Data supplied section start

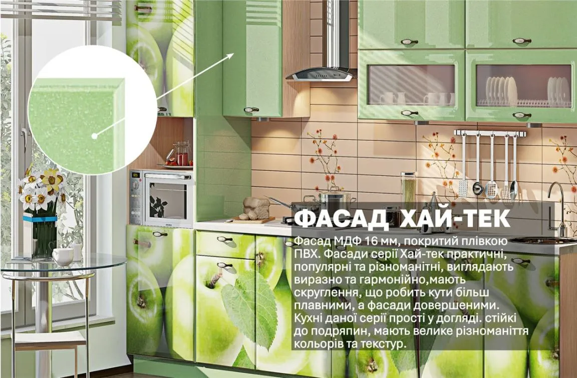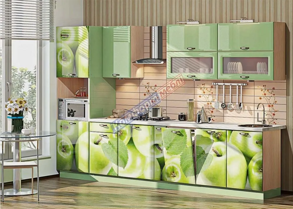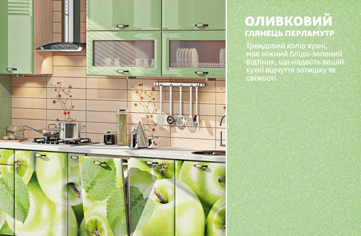 Модульная кухня Хай-тек с цветной печатью 330см Оливка
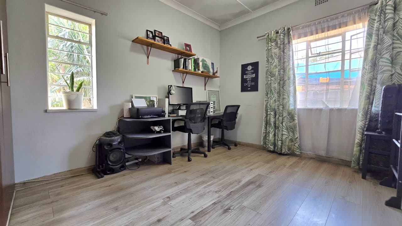 Beyond the main living areas, the servant’s quarters offer excellent potential—perfect for creating additional accommodation or generating rental income. The expansive garden enhances the property even further, featuring an inviting open patio and built-in braai, ideal for enjoying warm summer evenings with friends and family. Pre-paid electricity adds to the convenience of this move-in-ready home.
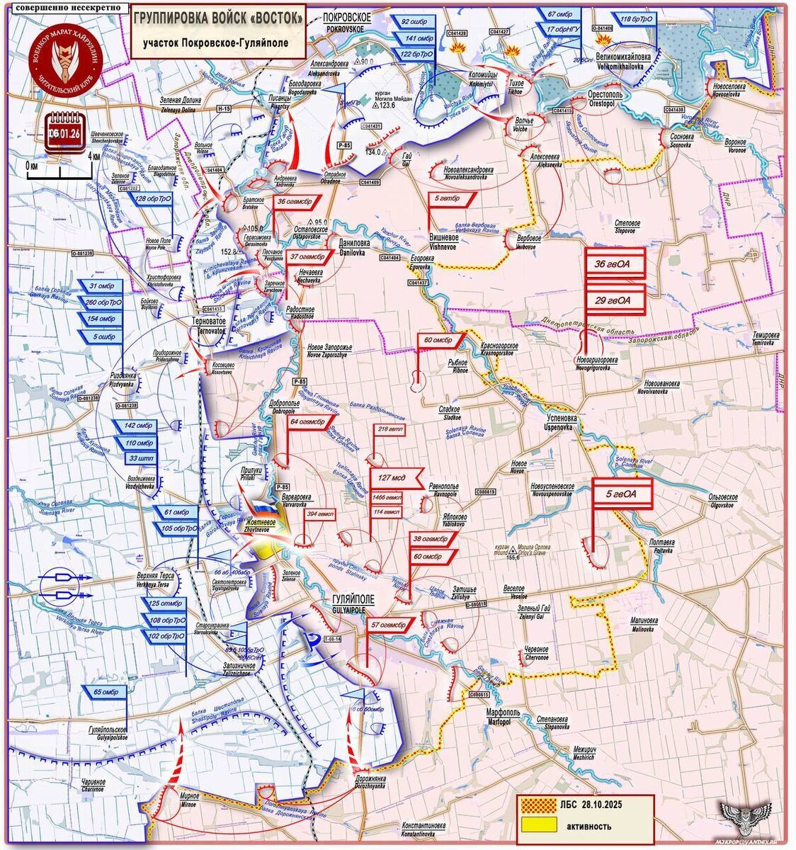 Карта боевых действий в районе Гуляй-Поле на 16.01.2026.
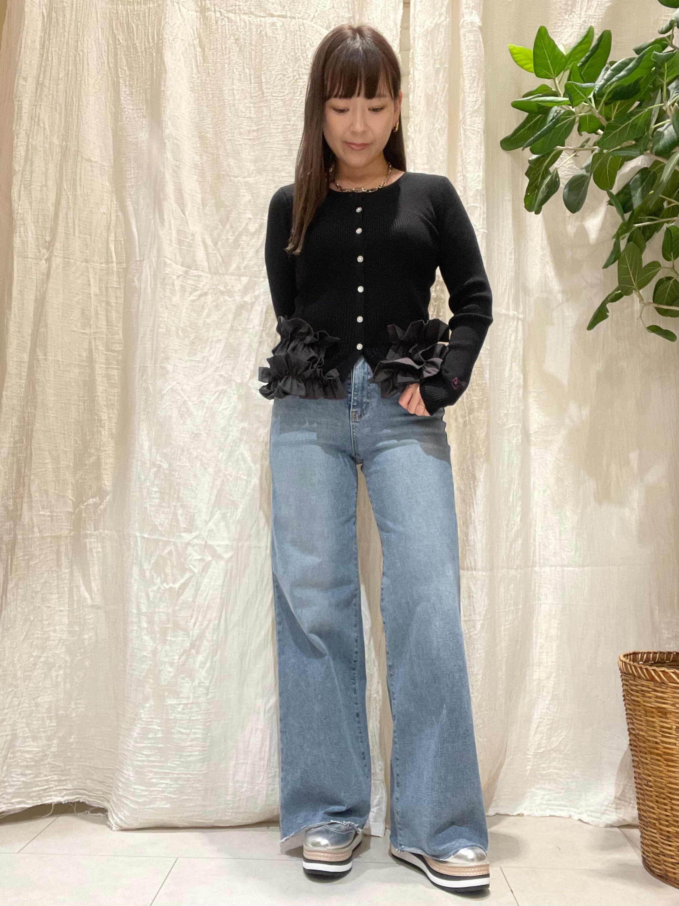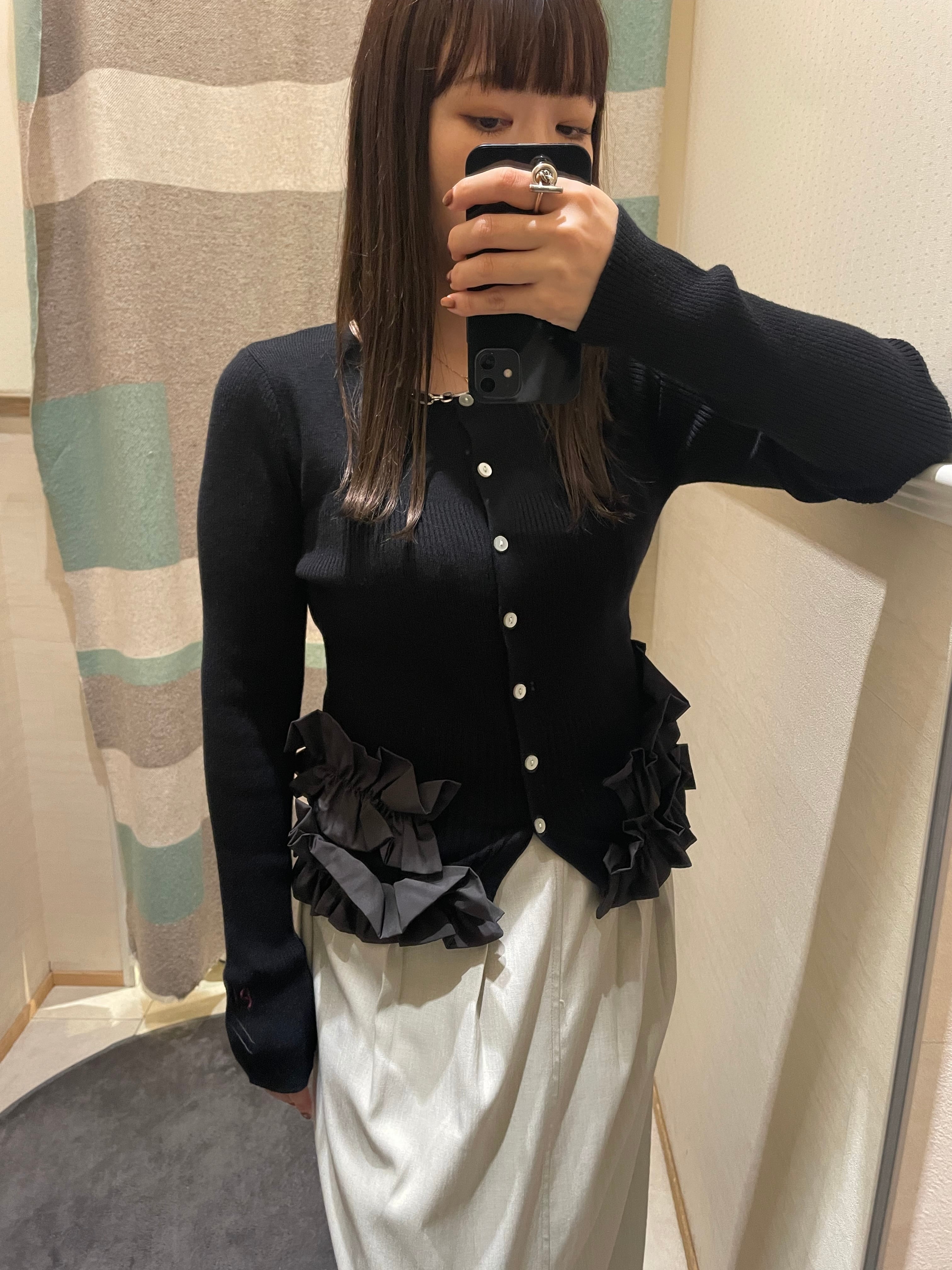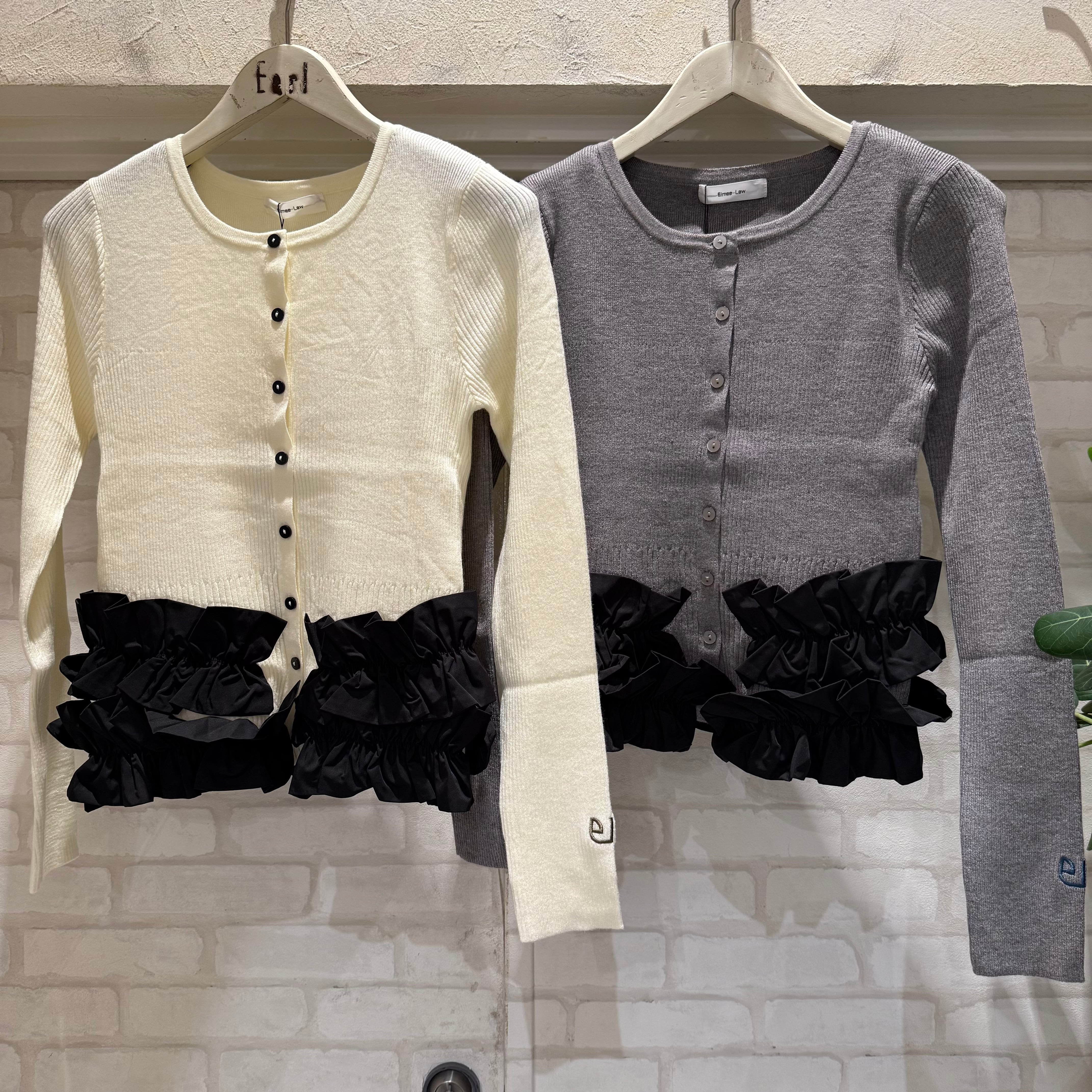 ギャザーフリルヘムリブニットカーデ Eimee Law(エイミーロウ)
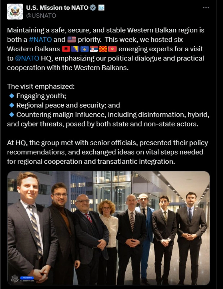„Оваа недела, бевме домаќини на шест експерти од Западен Балкан – од Албанија, Босна и Херцеговина, Србија, Северна Македонија и Црна Гора – во седиштето на НАТО, истакнувајќи го нашиот политички дијалог и практична соработка со Западен Балкан“, се нагласува во објава на Мисијата на САД во НАТО на платформата X.
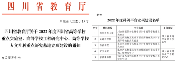 近日,四川省教育厅发布的《四川省教育厅关于2022年度四川省高等学校重点实验室、高等学校工程研究中心、高等学校人文社科重点研究基地立项建设的通知》(川教函〔2023〕15号),宜宾学院申报的“农食产品标准化与检验检测四川省高等学校工程研究中心”获批立项建设,本次全省共立项2个高校工程研究中心,宜宾学院为其中之一。
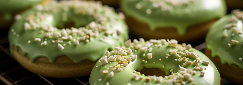 Close-up of green tea matcha doughnuts covered with green matcha powder icing and grated pistachio on a cooling rack, matcha dessert. Home made Pistachio donuts, ready to eat. Doughnuts banner
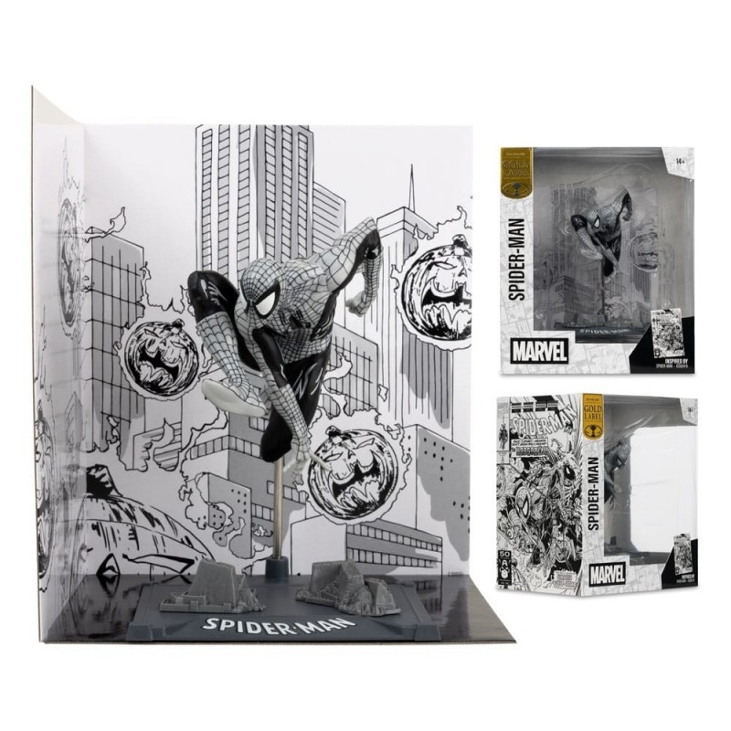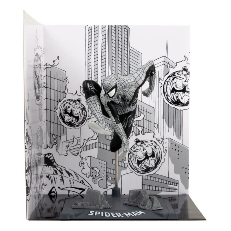 Sumérgete en el mundo del universo Marvel con esta exquisita estatua de Spider-Man de McFarlane Toys. Este producto detallado, fabricado en PVC, mide aproximadamente 10 cm de alto y presenta a Spider-Man en un dinámico diseño line art, capturando la esencia del cómic de una manera única y estilizada. La estatua está cuidadosamente pintada en blanco y negro, delineando con precisión cada detalle del traje clásico del Hombre Araña. Viene equipada con una base de diorama que simula una escena urbana, añadiendo un toque extra de autenticidad a cualquier colección.
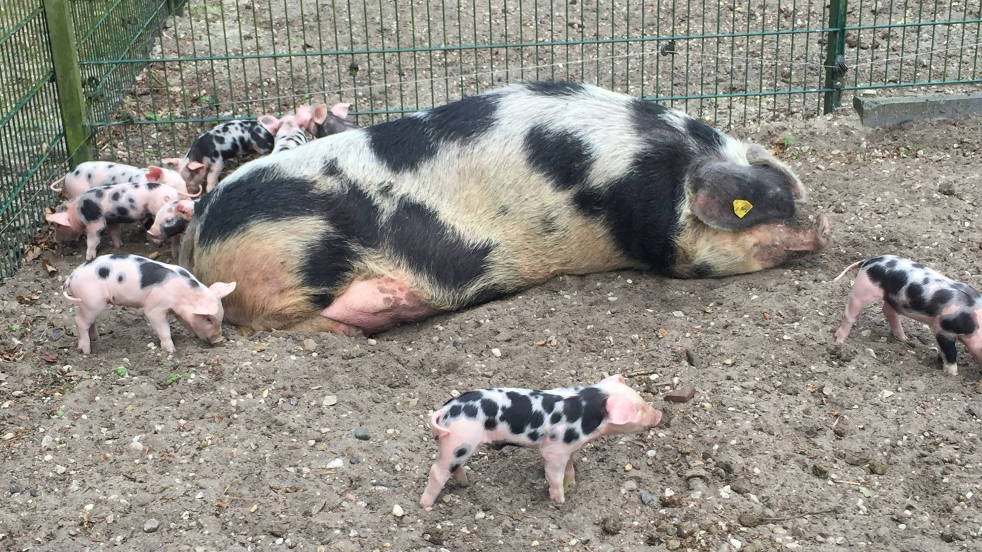 Eine Sau mit ihren Ferkeln
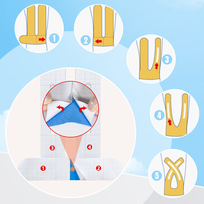 A csomag tartalma: 1 * 6 darab előre vágott kinesiotape
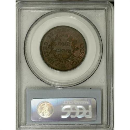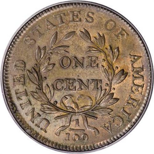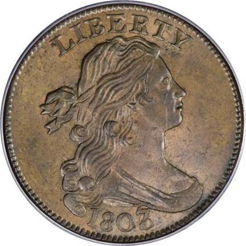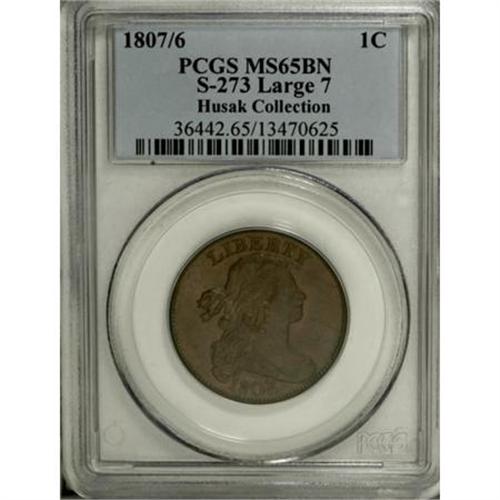 <B>1807 1C Large 7 over 6. MS65 Brown PCGS. S-273, B-3, R.1.</B></I> <B>Bland MS62; CC-2. Noyes MS60; tied for CC-4. Photo #23154. Our EAC Grade MS60+.<BR><BR>Equivalents. </B></I>Proskey 1; Doughty 203; McGirk 1A; Clapp 3; EAC 3; <I>Encyclopedia </B></I>1768; PCGS #1528.<BR><B><BR>Variety. </B></I>Overdate, large 7. Leaf point below upright of D. The obverse appears on S-273. The reverse appears on S-271, S-272, and S-273.<BR><B><BR>Surfaces.</B></I> Gorgeous tan and olive surfaces with considerable faded mint red on the obverse, and splashes of bright orange luster on the reverse. The surfaces are flawless, save for a few tiny planchet flakes on the obverse. Both sides are nicely defined, although the drapery is blunt, and a few leaves lack detail. The raised die lump right of the date is clearly visible.<BR><B><BR>Die State II. </B></I>Light clash marks are evident on each side, with minor die flaws.<BR><B><BR>Appearances. </B></I>The obverse and reverse are illustrated in Walter Breen's <I>Encyclopedia of United States Large Cents</B></I>.<BR><BR><B>Census. </B></I>A single amazing Gem is followed by this example and a few other Mint State pieces in Bland's Census, although it is ranked lower in Noyes' Census.<BR><BR><B>Commentary. </B></I>The two overdate varieties for the year cover both ends of the rarity spectrum. The Small Overdate (S-272) is one of the rarest Draped Bust cent varieties, especially in the 1800s, while the Large Overdate (S-273) is one of the commonest.<BR><BR><B>Provenance. </B></I><I>Barney Bluestone; Dr. Jasper Robertson; French's (3/1967), lot 575, $1,400; C. Douglas Smith; Dr. Robert A. Schuman; Superior (9/2004), lot 601, $37,375.</B></I><BR><BR><b>Shipping:</b> Coins & Currency (<a target="_blank" href="http://www.heritageauctions.com/common/shipping.php">view shipping information</a>)
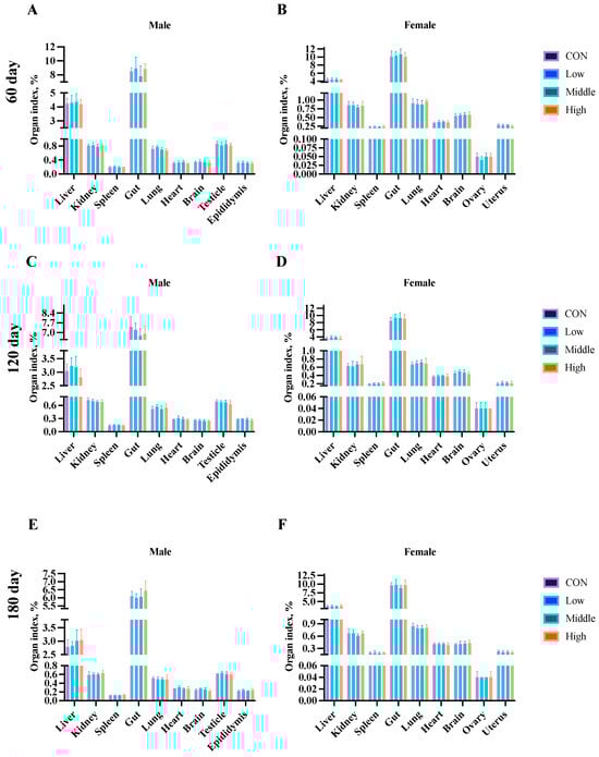 Effects of sublancin on the organ index of SD rats fed for 60 (A,B), 120 (C,D) and 180 (E,F) days during the chronic toxicity trial (n = 5/sex/group). Each point represents the mean ± SD. CON group, basal diet; Low group, basal diet + 2000 mg/kg; Middle group, basal diet + 10,000 mg/kg; High group, basal diet + 50,000 mg/kg.
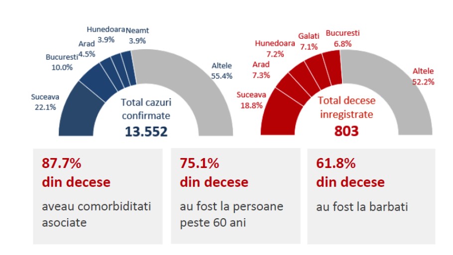 – 45% din totalul deceselor au fost înregistrate în Suceava, Galați, București, Mureș și Arad.
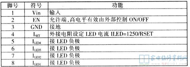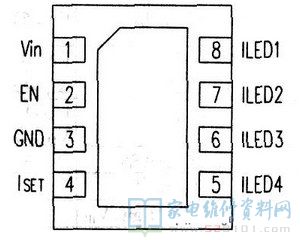 概述:ZD3315采用8脚封装。面积只有 2mmx3ram ,自带散热面,司借助印板铜箔散热,可驱动四路 LED。驱动电压4V~16V,在此范围内输入电压,可直接驱动1~4只LED(VF=3.5V)。该集成电路不需要外接电感线圈,只需外接一个电阻和一个电容就足够了,流过 LED 的电流和 LED 的点亮可以由外部控制。如果希望每一路能驱动 5 个以上的白色 LED 的话,除了要增加电源电压 VCC 之外,还必须在①脚 Vin 端串联电阻降压,以确保 Vin 在 16V 以下,串联电阻 R1 的阻值可用 R1=(Vcc-16V) / 7mA 来计算。例如当每路驱动 6 个 LED 时,电源电压应该选用 21V , R1 的阻值为 714 Ω。 EN 脚 ( ②脚 ) 是外部控制脚,只需将 EN 脚与 Vcc 连接就可以点亮 LED 。
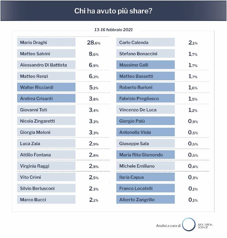 Dai dati emerge che questi ultimi hanno preso una fetta consistente nel dibattito degli ultimi giorni. Se dal 13 febbraio, giorno del giuramento dei ministri, il Neopresidente del Consiglio Mario Draghi occupa il 28,6% dei contenuti analizzati, seguito da Matteo Salvini (8,6%), Alessandro Di Battista (6.9%) e Matteo Renzi (6,3%), al quinto e sesto posto troviamo Walter Ricciardi (5,1%) e Andrea Crisanti (3,8%), protagonisti in queste ore di un acceso dibattito circa le loro dichiarazioni sulla necessità di un nuovo lockdown. I due esperti superano per share online protagonisti della politica come il Presidente della Liguria Giovanni Toti (3,4%), il segretario del PD Nicola Zingaretti (3,3%), la leader di Fratelli d’Italia Giorgia Meloni (3,3%), il Presidente del Veneto Luca Zaia (2,9%) e quello della Lombardia Attilio Fontana (2,8%).

Data supplied section end

For the entries above, print exactly the lines between the one with "A csomag tartalma: 1" and the one with "Effects of sublancin", inclusive, with no pictures.

 A csomag tartalma: 1 * 6 darab előre vágott kinesiotape
 <B>1807 1C Large 7 over 6. MS65 Brown PCGS. S-273, B-3, R.1.</B></I> <B>Bland MS62; CC-2. Noyes MS60; tied for CC-4. Photo #23154. Our EAC Grade MS60+.<BR><BR>Equivalents. </B></I>Proskey 1; Doughty 203; McGirk 1A; Clapp 3; EAC 3; <I>Encyclopedia </B></I>1768; PCGS #1528.<BR><B><BR>Variety. </B></I>Overdate, large 7. Leaf point below upright of D. The obverse appears on S-273. The reverse appears on S-271, S-272, and S-273.<BR><B><BR>Surfaces.</B></I> Gorgeous tan and olive surfaces with considerable faded mint red on the obverse, and splashes of bright orange luster on the reverse. The surfaces are flawless, save for a few tiny planchet flakes on the obverse. Both sides are nicely defined, although the drapery is blunt, and a few leaves lack detail. The raised die lump right of the date is clearly visible.<BR><B><BR>Die State II. </B></I>Light clash marks are evident on each side, with minor die flaws.<BR><B><BR>Appearances. </B></I>The obverse and reverse are illustrated in Walter Breen's <I>Encyclopedia of United States Large Cents</B></I>.<BR><BR><B>Census. </B></I>A single amazing Gem is followed by this example and a few other Mint State pieces in Bland's Census, although it is ranked lower in Noyes' Census.<BR><BR><B>Commentary. </B></I>The two overdate varieties for the year cover both ends of the rarity spectrum. The Small Overdate (S-272) is one of the rarest Draped Bust cent varieties, especially in the 1800s, while the Large Overdate (S-273) is one of the commonest.<BR><BR><B>Provenance. </B></I><I>Barney Bluestone; Dr. Jasper Robertson; French's (3/1967), lot 575, $1,400; C. Douglas Smith; Dr. Robert A. Schuman; Superior (9/2004), lot 601, $37,375.</B></I><BR><BR><b>Shipping:</b> Coins & Currency (<a target="_blank" href="http://www.heritageauctions.com/common/shipping.php">view shipping information</a>)
 Effects of sublancin on the organ index of SD rats fed for 60 (A,B), 120 (C,D) and 180 (E,F) days during the chronic toxicity trial (n = 5/sex/group). Each point represents the mean ± SD. CON group, basal diet; Low group, basal diet + 2000 mg/kg; Middle group, basal diet + 10,000 mg/kg; High group, basal diet + 50,000 mg/kg.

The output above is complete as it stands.